I was a little hesitant to post this, not so much because of the subject matter, but because I thought it might be one of those "you had to be there" things. Anyway, I'm glad you guys can relate! I do apologize for any I've offended with the use of the word "predicament." ;)
I'm with you guys--it's a little puzzling that temples have them and ward buildings don't! Since I don't have any pull with the church FM group (I don't even want to tell you how long one of the toilets in our ward building stayed clogged), I've decided to just leave a box of tampons in the bathroom on Sunday with a note that says something like "take one if you need one, and return the favor some time by replenishing the supply." That will probably get us through until Amy's Sanitary Solutions company saves the day. Speaking of which:
Amy! (Oops! I mean Jam Jam!) You are a genius! You could make millions with your "Sanitary Solutions for the Soul" idea. Not to mention improving the lives of church-going women everywhere. You should start a partnership with Tampax and have them put inspirational messages on the wrappers. ("Jesus wept too" perhaps?) And little pictures of angels and doves and whatnot. (Except for the Mormons the angels have to have trumpets instead of wings.)

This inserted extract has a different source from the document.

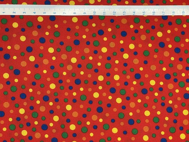 og har en flot rød bundfarve med masser af blå, grønne, gule og røde prikker/bomber
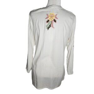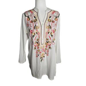Solitaire Medium Top Cottagecore Embroidered Floral Tunic White Multi-Color

Taffy--RE: "haven't dealt with that particular issue since 2002" LUCKY! That's reason enough to keep having kids! Sign me up! (Not that kids themselves aren't fabulous. But as the Coach says, a baby is "a cute little bonus after nine months with no periods!")
Christina- I would also like to see Razor in gold hotpants. Let's keep working on Sonnet. Maybe she'll come around. I also like the T-shirt idea. LDSMMs unite!
OK. Comment too long. Stopping now.
Sonnet's comment on sensitive men reminds me of an event many years ago. I was at a guy's house (and he lived with his family, thank goodness) when I REALLY needed a tampon. So, I noticed a box of them in the bathroom cupboard and took one. I never had the guts to tell the guy or his mom (who is probably the one who would have missed it anyway). In fact, this is the first time I think I've ever told anyone (hence why I logged in anonymous). Anyway, don't let it leave the hot tub, I mean blog.